In fact, three public hearings on the new EIS are being held around the county this week with very little fanfare. At their last meeting, Colchester Selectboard members (who support the Circ) wondered aloud why three Circ public hearings were crammed into one week.
They also questioned the wisdom of convening one of the hearings at Burlington City Hall at 6:30 on Thursday night, March 17 - St. Patrick's Day.
Good luck parking, folks! BYOB.
As for Sowles, the Colchester housewife who brought the $75 million mistake in the MTP to the attention of the CCMPO, she is surprised by one thing.
"Nobody thanked me," she said.
P.S. We'll thank you, Marilyn Sowles. Thank you very much indeed. Watchdogs are in short supply these days. Keep up the good work!
U.S. Senate 2006 - Had an interesting little sit-down the other day with GOP State Chairman Jim Barnett and Democratic State Chairman Peter Mallary. First time the gents ever met!
Barnett wondered aloud if the Vermont Democratic Party would field any candidates for federal office next year. Independent Sen. Jim Jeffords is up. So is Independent Rep. Bernie Sanders.
"Look," said Mallary, "we gave Jim Jeffords the Curtis Award, our highest award, a couple years ago in thanks for his courage in the Senate. There are many, many Democrats who think extremely highly of Jim Jeffords.
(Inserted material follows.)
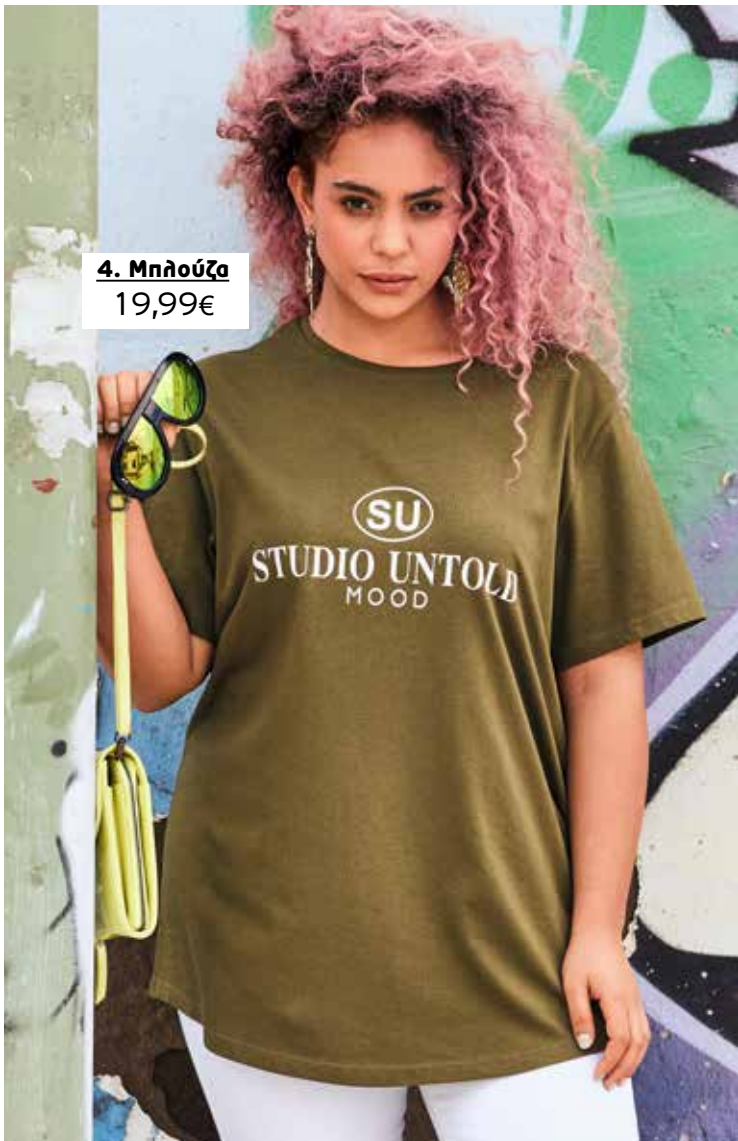
4. Μπλούζα 19,99€

If he runs, I believe many Democrats will want to support him."
But Mallary noted his position as party chairman prevented a full-blown endorsement just yet.
"I'm going to wait, keep my powder dry, and see what the landscape looks like," said Chairman Peter, "but Democrats like Jim Jeffords a lot."
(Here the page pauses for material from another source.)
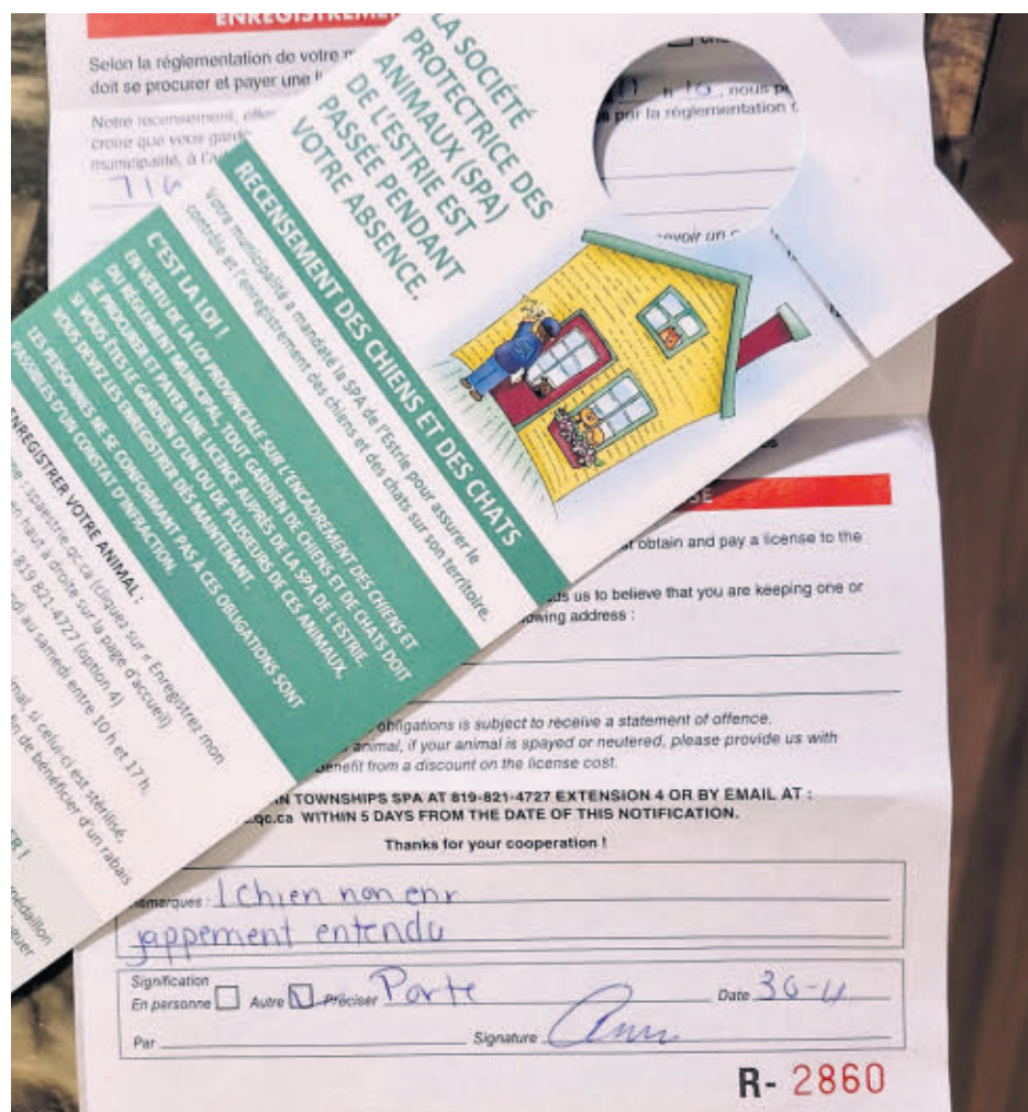
Une femme a reçu cet avis indiquant qu'en son absence, la représentante de la SPA a entendu japper un chien.

As for fielding a Democrat to run against Bernie, Mallary indicted the picture might change.
"I think that it is premature to have any conversation about that because I know Jim Jeffords is telling everyone that he's running again. I believe that he believes that now. There's some time left. We'll have to see."
Should Jeezum Jim retire, said Mallary, his understanding is that there's a Sanders press release already written announcing his U.S. Senate bid.
The full Barnett-Mallary face-off can be seen in the latest edition of yours truly's "Point-Counterpoint" TV show running on Ch. 17 in the Burlington area and other cable-access channels statewide. Check local listings.